长期以来，在无法进行随机对照试验（rct）的情况下，评估卫生系统干预措施的有效性一直是临床医生、卫生经济学家和卫生服务研究人员面临的挑战。差异中的差异（DID）是一种准实验研究设计，在利用观测数据解决这一挑战方面特别有吸引力。其他非实验研究设计，如回归调整或倾向评分匹配，试图通过仅考虑观察到的组间差异来检查干预的影响。相反，适当设计的DID研究旨在利用干预时间的随机性来确定干预的因果效应。近年来，在医学领域应用DID设计的论文数量不断增加。遵循这一趋势，《美国老年病学会杂志》（JAGS）发表了18项研究，其中大部分是自2018年以来的（原始数据来自作者），这些研究应用DID设计来检查与老年护理有关的各种卫生系统干预措施（图1）。DID设计评估干预措施的效果(例如，健康政策或计划)应用于一个或多个组（治疗组），通过将其结果与从未或尚未接受干预的组（对照组）进行比较，得出两种差异。3,4第一组差异分别比较了治疗组和对照组在干预前后的结果。这个过程消除了观察到的和未观察到的不随时间变化的群体特定因素。减去这些差异（即，第二个差异或差异中的差异）将消除两组共有的随时间变化的趋势。总之，DID确定了干预的因果效应，假设治疗组在没有干预的情况下会经历与对照组相同的趋势（平行趋势）。在最近一期的JAGS杂志上，伯克和他的同事进行了一项研究，使用DID设计来评估退伍军人健康管理局认可老年友好医疗系统后病人护理结果的变化。作者将DID的最新进展与Sun和Abraham开发的交错治疗时间相结合，6这是适当的，因为在不同的医疗地点接受认可发生在不同的时间。这种方法解决了传统DID估计中的潜在偏差——通常被称为双向固定效应——当治疗效果随着时间的推移而不恒定，并且在晚期和早期治疗部位有所不同。6-8考虑到在这种情况下缺乏随机对照试验，本研究的显著优势之一源于使用观察性数据来衡量在老年护理结果中实施循证护理转变（4Ms：什么重要，药物，心理状态和活动）的认知效果。虽然研究结果清楚地描述了老年友好识别和无设施日之间的积极联系，但当采用DID设计时，读者会遇到一个典型的难题：我们能否将这些关系解释为因果关系？要回答这个问题，需要对DID核心假设的合理性进行明确的论证——从统计上和概念上都是如此。通常，使用DID的研究通过证明干预前治疗组和对照组之间结果的相似趋势（以下简称趋势前测试），投入大量精力来论证平行趋势假设的有效性。如果干预前的医疗保健结果（例如，无设施天数）相对于对照组已经增加（或减少），那么干预后观察到的差异可能仅仅是前趋势的延续，而不是治疗效果。尽管大多数在JAGS中应用DID的出版物讨论或视觉评估了平行的预趋势，但只有少数报告了统计测试（图1）。视觉检查，无论多么直观，可能会掩盖导致干预的不同趋势，或者可能过于嘈杂，无法提供对预趋势的令人信服的批评。有足够能力检测治疗组和对照组之间趋势前差异的统计检验将更加透明；最近的文献一直关注于趋势前测试能力的诊断。9-11然而，如果非平行的前趋势是明显的，调整或匹配在基线测量的与治疗状况和结果趋势相关的时不变观察特征可能是合理的。然而，即使在干预之前平行趋势似乎得到满足，这一标准是否证明DID设计很容易用于识别干预的因果影响？不一定。首先，我们要区分平行趋势假设和趋势前检验。
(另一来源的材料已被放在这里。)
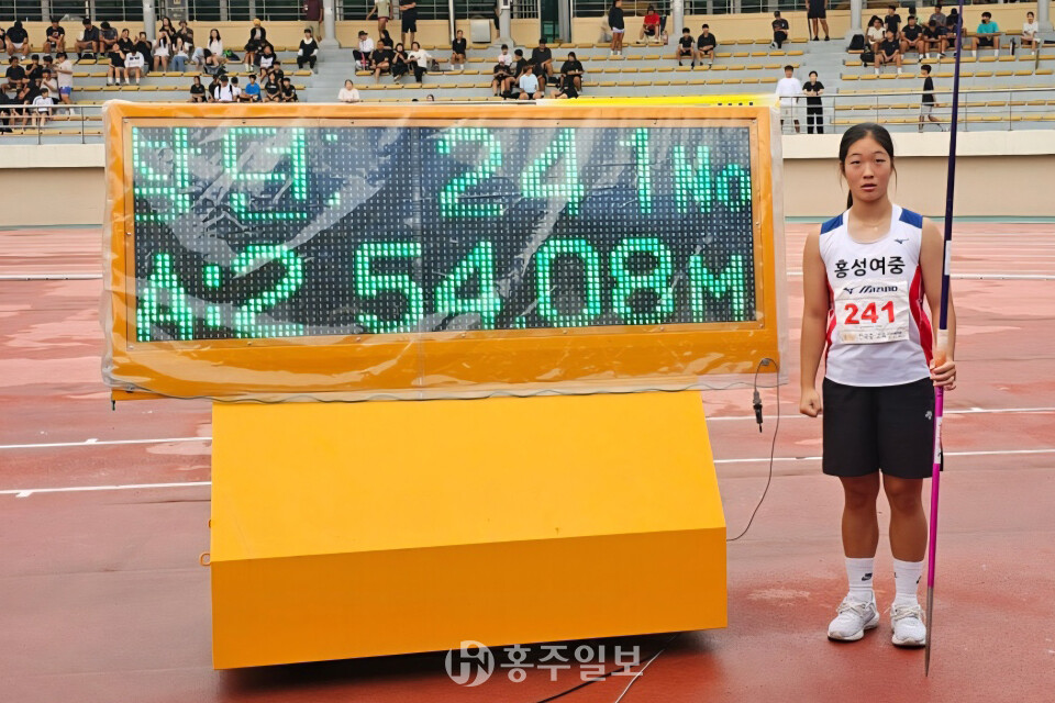 홍성여중 3학년 박혜린 선수가 또다시 전국 육상 무대에서 부별 한국신기록을 새로 썼다. 박 선수는 지난 9일 충북 보은군 공설운동장에서 열린 제54회 추계 전국중·고등학교 육상경기대회 여중부 창던지기 결선에서 54m 08㎝를 던져 우승과 함께 한국신기록을 경신했다.

本文章由计算机程序翻译，如有差异，请以英文原文为准。

摘要图片

查看原文

微信好友朋友圈 QQ好友复制链接

本刊更多论文

Applying difference-in-differences design in quality improvement and health systems research

Assessing the effectiveness of a health system intervention when randomized controlled trials (RCTs) are infeasible has long been a challenge for clinicians, health economists, and health service researchers alike. Difference-in-differences (DID) is a quasi-experimental study design that can be particularly appealing in addressing this challenge using observational data. Other nonexperimental study designs, such as regression adjustment or propensity score matching, attempt to examine the impact of an intervention by only accounting for the observed differences between groups. In contrast, an appropriately designed DID study aims to exploit randomness in intervention timing to identify the causal effects of the intervention. The number of published papers applying DID designs in the medical field has been increasing in recent years.^{1, 2} Following this trend, the Journal of the American Geriatrics Society (JAGS) published 18 studies, mostly since 2018 (original data from the authors), that apply DID designs to examine a wide range of health system interventions that pertain to geriatrics care (Figure 1).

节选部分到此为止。